Ammonium nitrate is found as a natural mineral (gwihabaite – the ammonium analogue of saltpetre, which is correctly called niter, and other nitre minerals such as sodium nitrate known as nitratine) in the driest regions of the Atacama Desert in Chile, often as a crust on the ground and/or in conjunction with other nitrate, iodate, and halide minerals. Ammonium nitrate was mined there in the past, but virtually 100% of the chemical now used is synthetic.

Production

The industrial production of ammonium nitrate entails the acid-base reaction of ammonia with nitric acid:[6]

HNO3 + NH3 → NH4NO3

Ammonia is used in its anhydrous form (i.e., gas form) and the nitric acid is concentrated. This reaction is violent owing to its highly exothermic nature. After the solution is formed, typically at about 83% concentration, the excess water is evaporated to an ammonium nitrate (AN) content of 95% to 99.9% concentration (AN melt), depending on grade. The AN melt is then made into "prills" or small beads in a spray tower, or into granules by spraying and tumbling in a rotating drum. The prills or granules may be further dried, cooled, and then coated to prevent caking. These prills or granules are the typical AN products in commerce.

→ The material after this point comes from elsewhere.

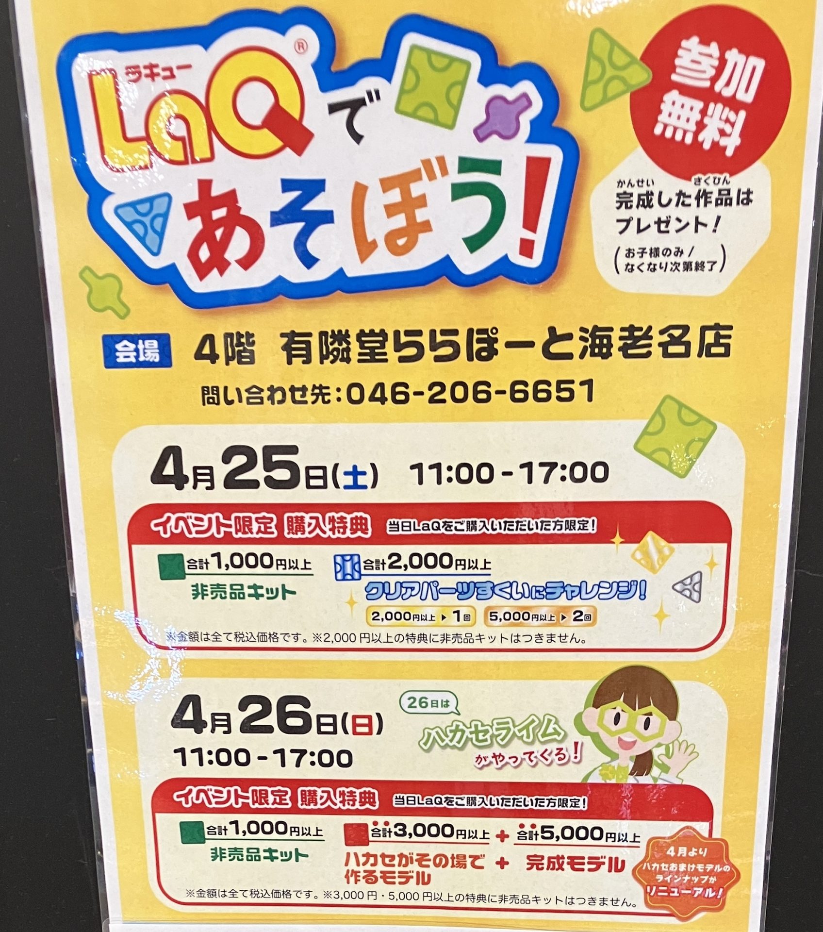 お子様限定でLaQ無料体験会実施✨ 26日(日)は大人気のハカセライムがやってきます! イベント限定購入特典もあるよ♪ 是非、遊びに来てね!

The ammonia required for this process is obtained by the Haber process from nitrogen and hydrogen. Ammonia produced by the Haber process is oxidized to nitric acid by the Ostwald process. Another production method is a variant of the Odda process:

Ca(NO3)2 + 2 NH3 + CO2 + H2O 2 NH4NO3 + CaCO3

The products, calcium carbonate and ammonium nitrate, may be separately purified or sold combined as calcium ammonium nitrate.

Ammonium nitrate can also be made via metathesis reactions:

(NH4)2SO4 + Ba(NO3)2 → 2 NH4NO3 + BaSO4
NH4Cl + AgNO3 → NH4NO3 + AgCl

Reactions

Ammonium nitrate reacts with metal hydroxides, releasing ammonia and forming alkali metal nitrate:

NH4NO3 + MOH → NH3 + H2O + MNO3 (M = Na, K)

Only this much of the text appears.